• PROBLEM: Please, could you print all the lines below exactly, leaving out the pictures?

Records drawn from a dataset
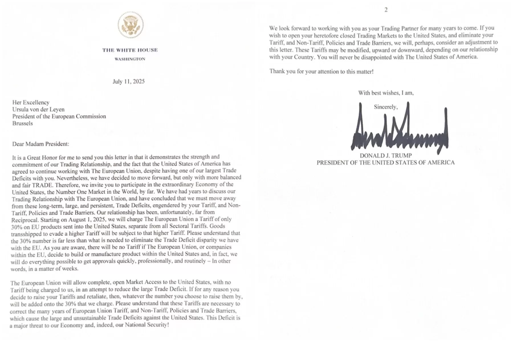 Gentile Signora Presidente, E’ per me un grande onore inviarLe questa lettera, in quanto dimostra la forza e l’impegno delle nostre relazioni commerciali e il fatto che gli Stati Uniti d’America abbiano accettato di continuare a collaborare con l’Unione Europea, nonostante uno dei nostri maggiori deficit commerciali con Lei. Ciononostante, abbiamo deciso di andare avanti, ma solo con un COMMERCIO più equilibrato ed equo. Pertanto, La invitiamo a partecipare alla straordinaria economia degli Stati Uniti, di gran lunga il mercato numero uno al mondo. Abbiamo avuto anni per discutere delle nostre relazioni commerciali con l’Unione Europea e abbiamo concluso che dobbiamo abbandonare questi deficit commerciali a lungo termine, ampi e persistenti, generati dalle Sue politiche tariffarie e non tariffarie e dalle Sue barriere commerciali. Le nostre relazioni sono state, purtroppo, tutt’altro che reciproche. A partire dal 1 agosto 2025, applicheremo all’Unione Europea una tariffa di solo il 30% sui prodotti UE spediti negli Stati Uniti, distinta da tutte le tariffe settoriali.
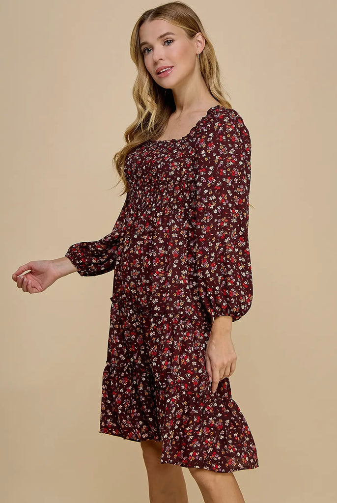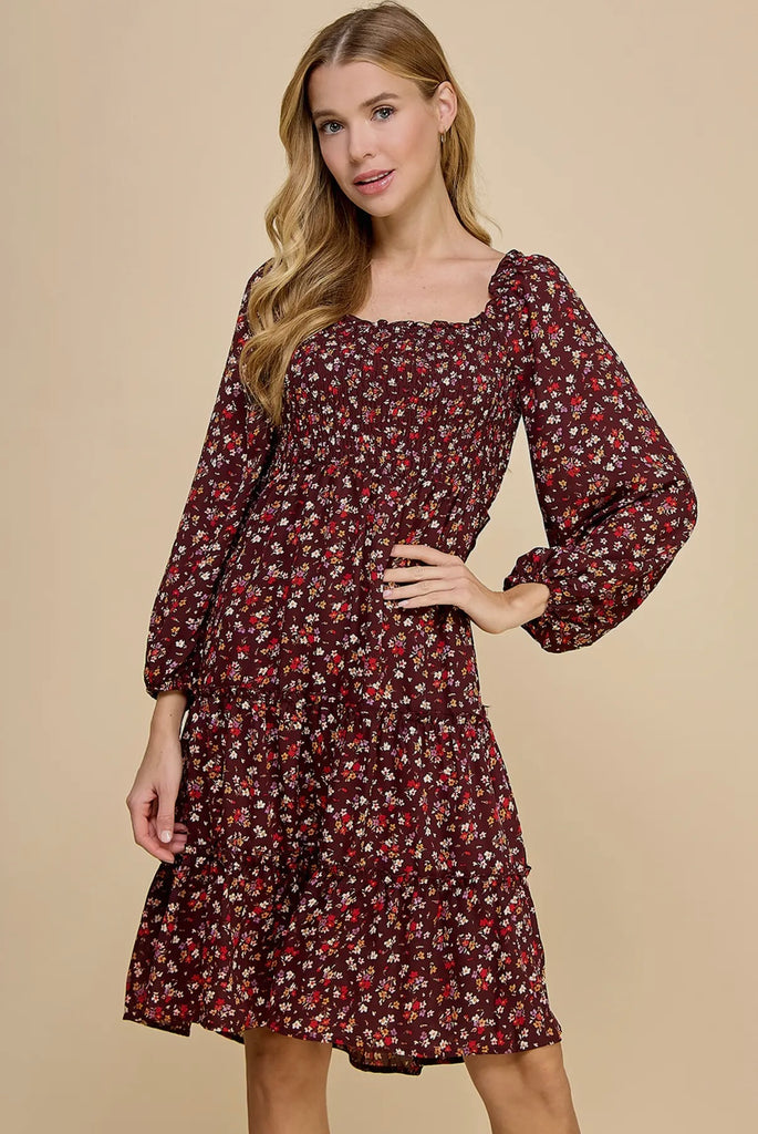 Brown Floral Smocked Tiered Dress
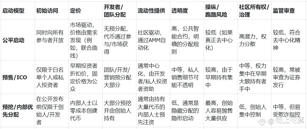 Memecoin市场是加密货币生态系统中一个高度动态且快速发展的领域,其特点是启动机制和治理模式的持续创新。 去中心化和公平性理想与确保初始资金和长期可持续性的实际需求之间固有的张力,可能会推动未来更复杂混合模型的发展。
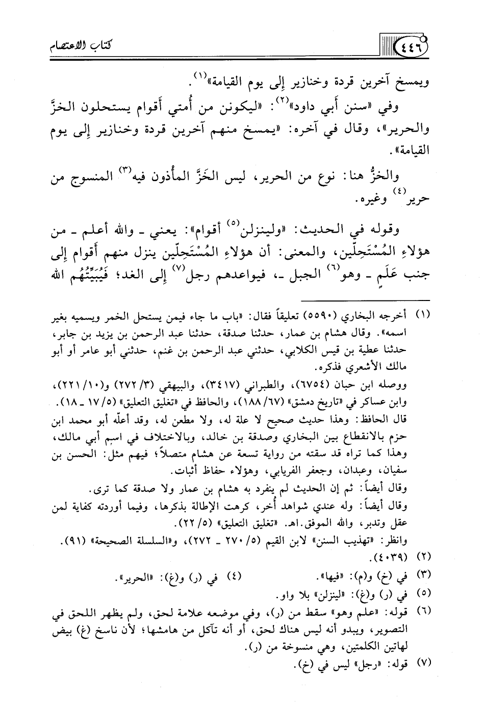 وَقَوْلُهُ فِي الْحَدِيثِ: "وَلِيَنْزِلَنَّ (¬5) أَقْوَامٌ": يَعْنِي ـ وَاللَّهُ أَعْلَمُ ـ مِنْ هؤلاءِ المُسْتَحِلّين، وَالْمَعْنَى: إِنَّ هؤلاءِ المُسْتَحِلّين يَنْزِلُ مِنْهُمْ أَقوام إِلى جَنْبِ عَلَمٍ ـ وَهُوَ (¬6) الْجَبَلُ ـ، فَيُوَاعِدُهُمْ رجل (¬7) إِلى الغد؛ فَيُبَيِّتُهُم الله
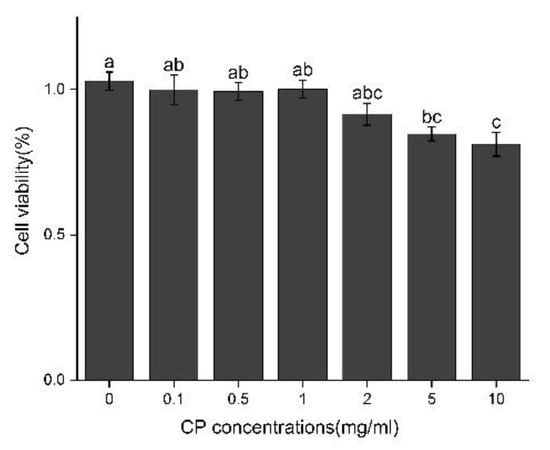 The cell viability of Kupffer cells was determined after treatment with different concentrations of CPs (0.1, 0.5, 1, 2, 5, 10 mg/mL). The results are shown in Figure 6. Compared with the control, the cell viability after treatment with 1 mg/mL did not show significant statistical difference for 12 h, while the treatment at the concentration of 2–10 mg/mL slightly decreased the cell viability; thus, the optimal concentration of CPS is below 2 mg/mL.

• YOUR RESPONSE:
 Gentile Signora Presidente, E’ per me un grande onore inviarLe questa lettera, in quanto dimostra la forza e l’impegno delle nostre relazioni commerciali e il fatto che gli Stati Uniti d’America abbiano accettato di continuare a collaborare con l’Unione Europea, nonostante uno dei nostri maggiori deficit commerciali con Lei. Ciononostante, abbiamo deciso di andare avanti, ma solo con un COMMERCIO più equilibrato ed equo. Pertanto, La invitiamo a partecipare alla straordinaria economia degli Stati Uniti, di gran lunga il mercato numero uno al mondo. Abbiamo avuto anni per discutere delle nostre relazioni commerciali con l’Unione Europea e abbiamo concluso che dobbiamo abbandonare questi deficit commerciali a lungo termine, ampi e persistenti, generati dalle Sue politiche tariffarie e non tariffarie e dalle Sue barriere commerciali. Le nostre relazioni sono state, purtroppo, tutt’altro che reciproche. A partire dal 1 agosto 2025, applicheremo all’Unione Europea una tariffa di solo il 30% sui prodotti UE spediti negli Stati Uniti, distinta da tutte le tariffe settoriali.
 Brown Floral Smocked Tiered Dress
 Memecoin市场是加密货币生态系统中一个高度动态且快速发展的领域,其特点是启动机制和治理模式的持续创新。 去中心化和公平性理想与确保初始资金和长期可持续性的实际需求之间固有的张力,可能会推动未来更复杂混合模型的发展。
 وَقَوْلُهُ فِي الْحَدِيثِ: "وَلِيَنْزِلَنَّ (¬5) أَقْوَامٌ": يَعْنِي ـ وَاللَّهُ أَعْلَمُ ـ مِنْ هؤلاءِ المُسْتَحِلّين، وَالْمَعْنَى: إِنَّ هؤلاءِ المُسْتَحِلّين يَنْزِلُ مِنْهُمْ أَقوام إِلى جَنْبِ عَلَمٍ ـ وَهُوَ (¬6) الْجَبَلُ ـ، فَيُوَاعِدُهُمْ رجل (¬7) إِلى الغد؛ فَيُبَيِّتُهُم الله
 The cell viability of Kupffer cells was determined after treatment with different concentrations of CPs (0.1, 0.5, 1, 2, 5, 10 mg/mL). The results are shown in Figure 6. Compared with the control, the cell viability after treatment with 1 mg/mL did not show significant statistical difference for 12 h, while the treatment at the concentration of 2–10 mg/mL slightly decreased the cell viability; thus, the optimal concentration of CPS is below 2 mg/mL.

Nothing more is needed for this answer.